The point is not to give a Pixar’s Top 10 Moments list. Nor is it to suggest that they haven’t had some misfires (for me, Monsters Inc. and Cars were largely uninvolving and Cars 2 was a complete wreck). The point is that Pixar has a habit of telling great stories told with an artistic flair and they absolutely changed the face of animated entertainment.

Does Brave live up to the Pixar reputation for excellence? Absolutely.

While Brave isn’t the absolute best of Pixar’s films, that is merely an issue of having set the bar so ridiculously high.

Brave’s story is perhaps more straighforward than most of their best movies. It won’t shock you with originality, then, but what is familiar is still told with a fresh vigor that is infectious. Princess Merida and Queen Elinor have the same kind of parent-child tug of war seen in Finding Nemo, grounded both in the growth and maturation of the young character and the parents’ final understanding of their childrens’ need for self-determination and growth. As I said, somewhat standard stuff, but it’s the twists, turns, and characters that carry us through the films.

In Brave, the filmmakers resisted the temptation to give us the entire plot and all the good bits in their trailers. The audience, then, actually gets to experience the movie without too much in the way of existing expectation. I would love it if other movies followed suit.

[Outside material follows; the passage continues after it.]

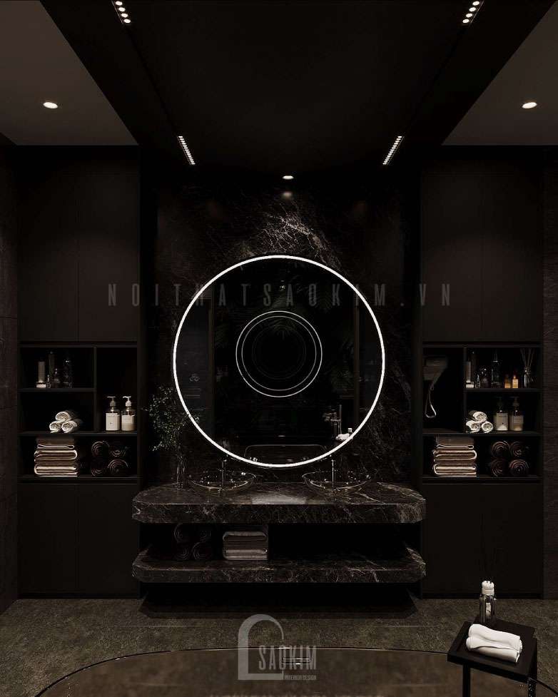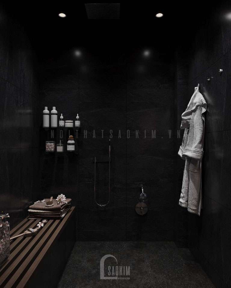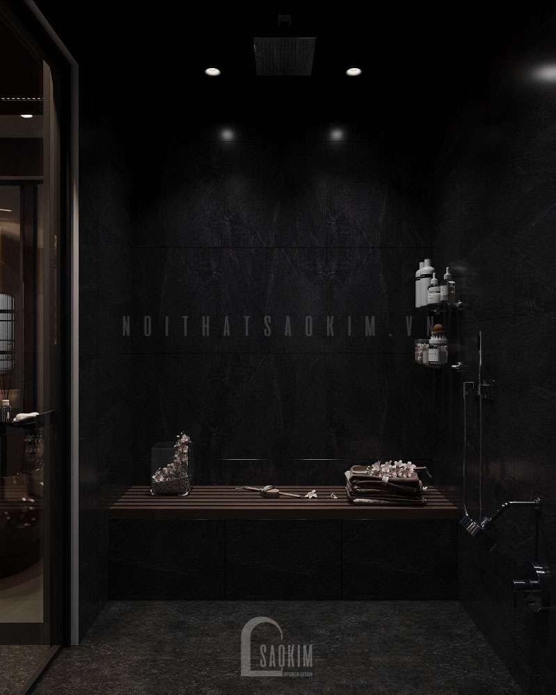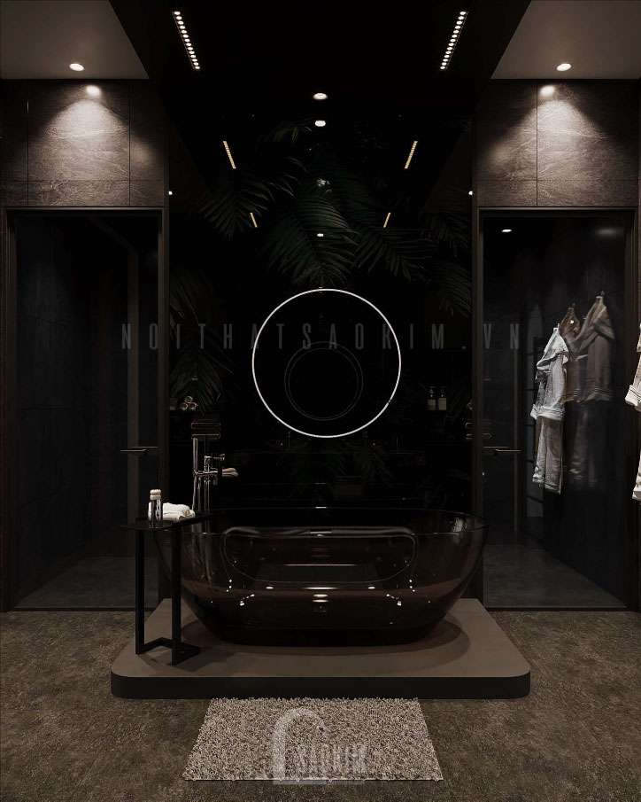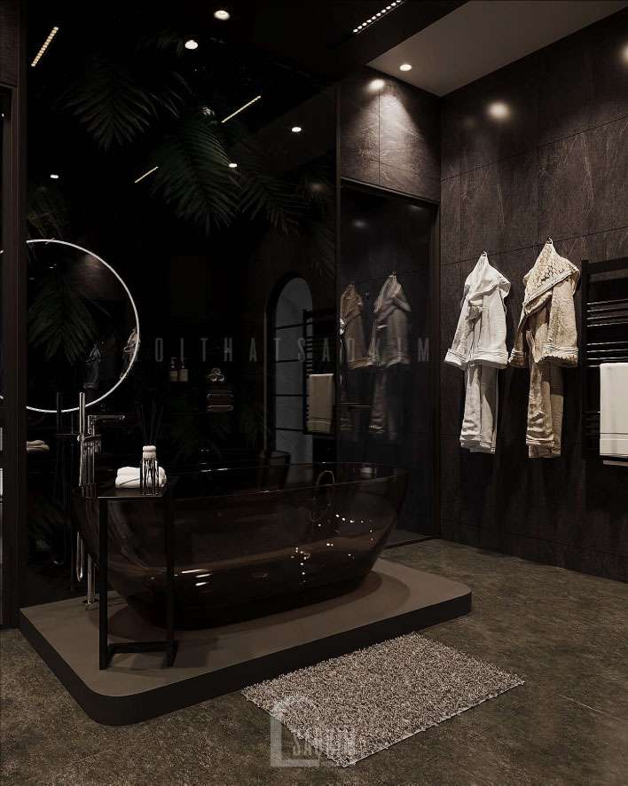 Thiết kế phòng tắm với gam tối tạo nên sự huyền bí cho không gian

And don’t forget the animation. Pixar continues to put out the absolute highest quality animation in the industry and Brave manages to bump the bar up a few extra notches. The texture of fabrics looks more real than anything I’ve ever seen before and Princess Merida’s hair may look violently, unnaturally red, but each of the strands looks real and every bounce and shake moves as it would in the real world. The bark of trees, the toothy texture of the earth, the delicate blades of grass, and flowing water are all such amazing analogs to their real-world counterparts that it is easy to get lost in the rendered world.

Now, the Celtic world of Brave is entirely window dressing. Just the tiniest bit of flavor without the baggage of striving for authenticity. If that matters to you, you’ll find yourself disappointed; for the majority of people, it won’t even register. What will register is that the story is a fun and touching ride, the characters are people you hope will find their way, and the final act brings the kind of emotional swell that Pixar delivers better than anyone this side of Spielberg at his tear-jerking best.

I would suggest that Up is the more artistically fulfilling and that both Wall-E and Ratatouille are better realized, but Brave certainly earns a position with movies like the Toy Story films, Finding Nemo, and The Incredibles. That’s pretty good company and worlds better than most of what is being shown in theaters this year.

Bottom line: if you’re a Pixar fan, you’re probably going to love this movie. If you find Pixar films either too simple or too emotionally manipulative, avoid at all costs. This isn’t the one that’s going to change your mind.